No amor há sempre uma parcela de paixão, mas paixão não é obsessão. A paixão motiva, a obsessão oprime; a primeira estimula e excita, a segunda sufoca e enlouquece; a paixão atrai enquanto a obsessão gera rejeição.

Podemos, portanto, afirmar que amor não é simplesmente uma simples palavra, mas um ato; o amor não tem uma definição precisa, mas é definido por ações que resultam em interações.

Um ser humano traduz em gestos, movimentos, ações, palavras ou frases - orais ou escritas - a necessidade de transmitir esse profundo afeto ao outro.. Uma transmissão que contém a expectativa secreta de reciprocidade amorosa e complementaridade relacional que impede a pessoa de se sentir sozinha nessa troca (o amor não correspondido é uma das principais causas do desespero).

Em adição a isto, esta transmissão também inclui uma necessidade de segurança, ainda que utópica, pois a busca pelo resseguro do amor faz com que o presente do amor seja negligenciado, focando-se antes em um futuro ainda não certo.

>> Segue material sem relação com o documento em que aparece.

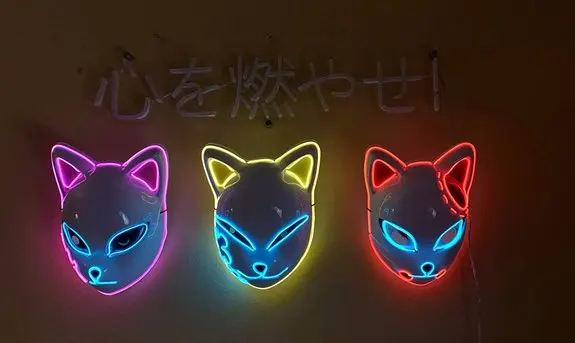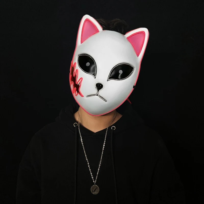 Светящаяся маска на лицо кошки на Хэллоуин, маска с клинком рассекающего демонов, аниме маски Sabito Mascarilla, светящиеся маски для косплея, кролик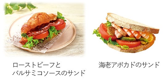ローストビーフやサーモン、エビなどのメイン具材と彩りの良い野菜をサンドしました。具材がたっぷりで、食べ応え抜群です。

A dificuldade de concentração no momento presente leva a consequências desagradáveis ​​a partir do momento em que você prefere olhar para frente ao invés do aqui e agora.

Quem encanta quem

Quando duas pessoas se encontram e o desejo de amor por parte de ambas aparece, a comunicação verbal é ativada. As palavras fluem em harmonia, embora o medo da rejeição às vezes impeça esse fluxo de se expressar livremente. As frases assumem uma forma mais poética mesmo por pessoas menos histriônicas.

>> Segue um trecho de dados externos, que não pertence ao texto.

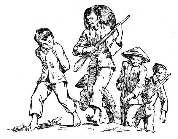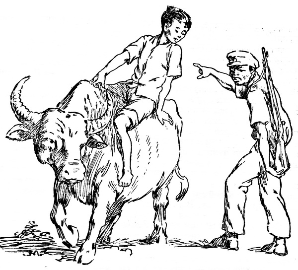 Все так знакомо и так неожиданно. Учительница-партизанка в одной руке держит нон, в другой камышовую корзинку и очень интересно рассказывает, как партизаны бьют врага. Рядом, на столе, лежит новая винтовка. Когда прилетают самолеты, учительница отводит детей в убежище, а сама руками, выпачканными мелом, берет винтовку и целится в самолеты.

Certas cadências e tonalidades típicas aparecem no discurso. Os gestos mudam, as expressões faciais tornam-se sutis e os movimentos lentos. Os olhos se estreitam, a boca se move de forma provocante e o olhar dá luz ao jogo dos apaixonados. Todo um complexo de comunicação destinado a seduzir a outra pessoa.

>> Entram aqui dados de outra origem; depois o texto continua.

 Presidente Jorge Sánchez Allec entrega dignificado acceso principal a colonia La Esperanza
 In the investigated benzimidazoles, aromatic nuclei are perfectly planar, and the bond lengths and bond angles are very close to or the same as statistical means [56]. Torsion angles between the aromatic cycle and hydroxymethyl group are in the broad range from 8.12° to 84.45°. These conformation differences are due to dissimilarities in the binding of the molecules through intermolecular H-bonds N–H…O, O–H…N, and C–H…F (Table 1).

A génese de uma boa relação a dois dá-se, entre outras coisas, por estarmos com o outro da mesma forma e com a mesma liberdade que temos connosco.

Do ponto de vista neurológico, quando duas pessoas se encontram, os fluidos endócrinos e bioquímicos são secretados:

  • O estômago endurece e gera ansiedade. Este último produz um apetite maior e transmite uma sensação de voracidade ao estômago. Às vezes, porém, ocorre o efeito contrário: o estômago se fecha e não deixa passar nenhum alimento por ele.
  • A secreção de adrenalina aumenta, colocando a pessoa em estado de alerta contínuo.
  • Os músculos ficam tensos e você se torna dependente dos comportamentos da outra pessoa. Comportamentos que transmitirão sinais de atração ou aceitação, indiferença ou rejeição.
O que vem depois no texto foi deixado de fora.